14. The machine-controlled method of claim 13, wherein the at least one attribute is from a group consisting of inertia, movement velocity, movement acceleration, at least one spin parameter, and at least one friction attribute.

15. The machine-controlled method of claim 11, further comprising:

the display visually indicating to the user that a first one of the plurality of toolset icons is active before causing the rotational interface mechanism to spin; and

the display visually indicating to the user that a second one of the plurality of toolset icons is active after causing the rotational interface mechanism to spin.

16. The machine-controlled method of claim 15, further comprising:

the display visually presenting to the user a first plurality of individual tool icons that correspond to the first one of the plurality of toolset icons before causing the rotational interface mechanism to spin; and

the display visually presenting to the user a second plurality of individual tool icons that correspond to the second one of the plurality of toolset icons after causing the rotational interface mechanism to spin.

17. The machine-controlled method of claim 1, wherein the electronic device is a handheld computing device.

18. One or more non-transitory machine-readable storage media configured to store machine-executable instructions that, when executed by a processor, cause the processor to perform the machine-controlled method of claim 1.

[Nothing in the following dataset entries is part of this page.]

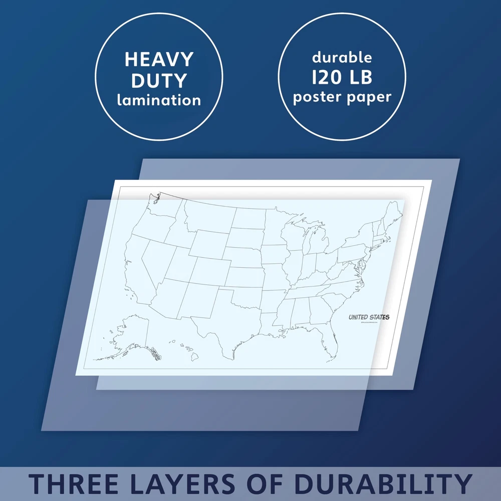 2 Pack - USA & World Map Blank Outline Posters (LAMINATED, 18" x 29") Set of 2 Posters Made in the USA Map posters are 18” x 29” in size High-quality 3 MIL lamination for added durability Tear Resistant For Use With Wet Erase Markers Only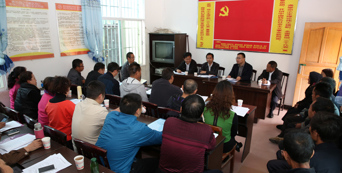 来到垤玛乡腊哈村委会,何华一行与县、乡、村干部、群众及我校驻村新农村建设指导员座谈,了解垤玛乡、腊哈村基本情况,掌握扶贫实情。红河县副县长宋文辉、垤马乡党委书记朱福禛、腊哈村委会党总支书记朱松沙分别介绍了垤玛乡、腊哈村委地理环境、气候条件、经济社会发展、党组织建设情况,谈了发展思路、打算及存在的问题、困难。垤玛乡地处红河、玉溪、普洱三州市交界处,世居98%的哈尼族和汉族,立体气候适宜种植茶叶、杉木、草果、核桃等经济作物,人均纯收入4500元,属典型的“边疆、山区、民族、贫困”为一体的扶贫开发乡。腊哈村委有8个自然村,村境世居哈尼族,共有262户1193人,人均纯收入3230元,现建档立卡未脱贫有124户515人。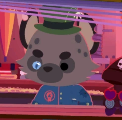 A Super Purple Hyena who is the owner and proprietor of the rotating Cackling Carl's Cart. Together with their Giant Emu Old Doug, they sell exclusive items to players using an in game currency called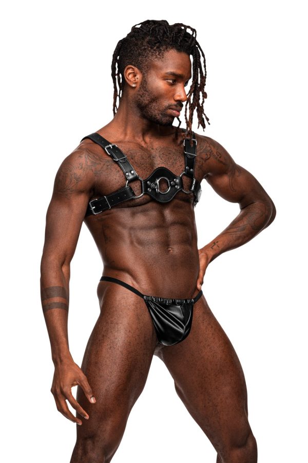 From the Leather collection by Male Power, this style includes a chest harness featuring an oval front opening with metal rings, fully adjustable buckled straps, metal studs. Soft Nubuck Leather with Polyurethane coating, heavy metal rings, buckles, and studding. Do Not Wash, Do Not Bleach, Do Not Tumble Dry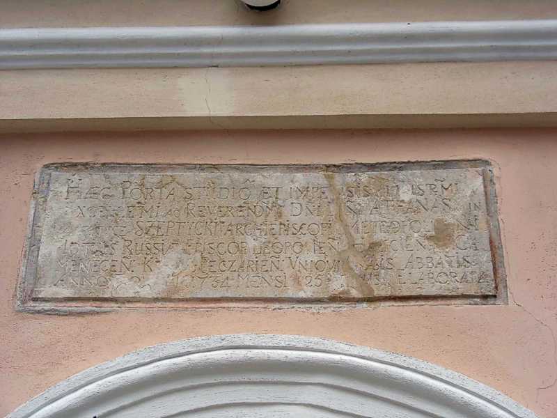 2006 р. Напис над входомРозмір зображення: 800:600 піксел Фото Зенона Боровця і Богдана Тхора, 8 жовтня 2006 р. Напис латинською мовою, можна розібрати «Шептицький архієпископ… 1734 р. дня 25…» |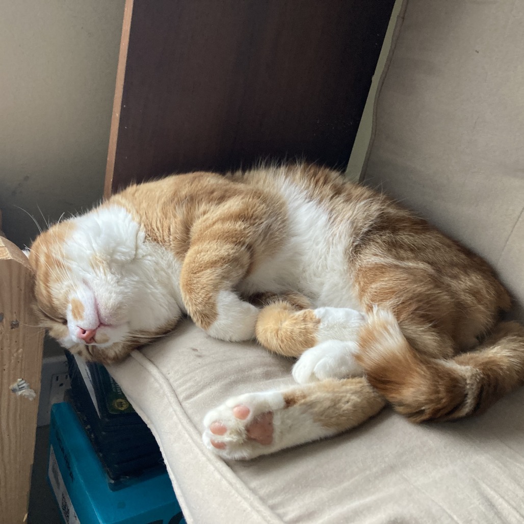 "My name is Chuck Norris, but don't let that fool you - I'm a lover, not a fighter! I'm a big boi for sure (close to 13 lbs) but I get along with even my tiny foster sister. I just want your attention!! I love cuddles and pets in any form. My current move is to follow folks into the bathroom and jump up while they sit on the toilet... you might as well be petting me while you're there! I will gladly sit in your lap while you are working, and I am great at helping you take breaks so you can pet me... you're welcome! My foster fam says I'm one of the most affectionate kitties they've met.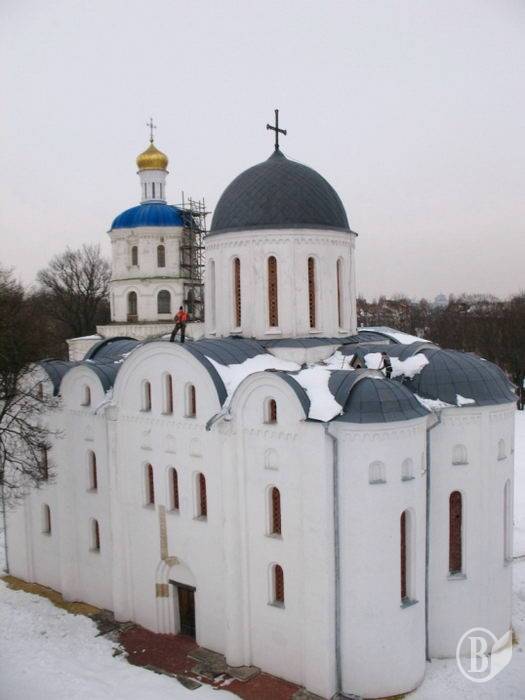 Работникам Национального архитектурно-исторического заповедника"Чернигов древний” приходится ежедневно отбрасывать снег от памяток архитектуры, чтобы уберечь сооружения от влажности. Но для того, чтобы убрать снег на крышах древних соборов нужны специалисты-альпинисты.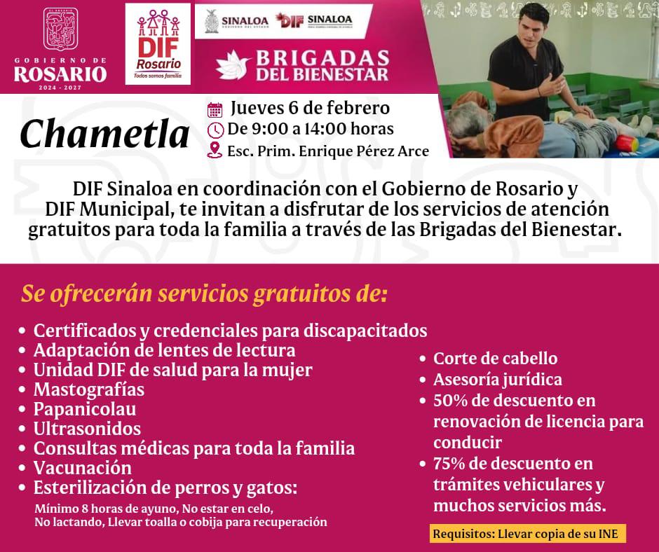 EL ROSARIO._ Con el anuncio de que el próximo jueves 6 de febrero llegarán las Brigadas del Bienestar a Chametla, invitan a la población a aprovechar los diferentes servicios gratuitos que ofrece el Gobierno del Estado a través de DIF Sinaloa.

19. A handheld electronic device, comprising:

a display configured to visually present to a user a graphical user interface (GUI) comprising a trigger mechanism component; and

a processor configured to cause the display to visually present to the user a rotational interface mechanism responsive to an interaction between the user and the trigger mechanism component, the rotational interface mechanism comprising a plurality of toolset icons.

20. The handheld electronic device of claim 19, wherein the processor is further configured to cause the display to visually present to the user a plurality of individual tool icons that correspond to a certain one of the plurality of toolset icons.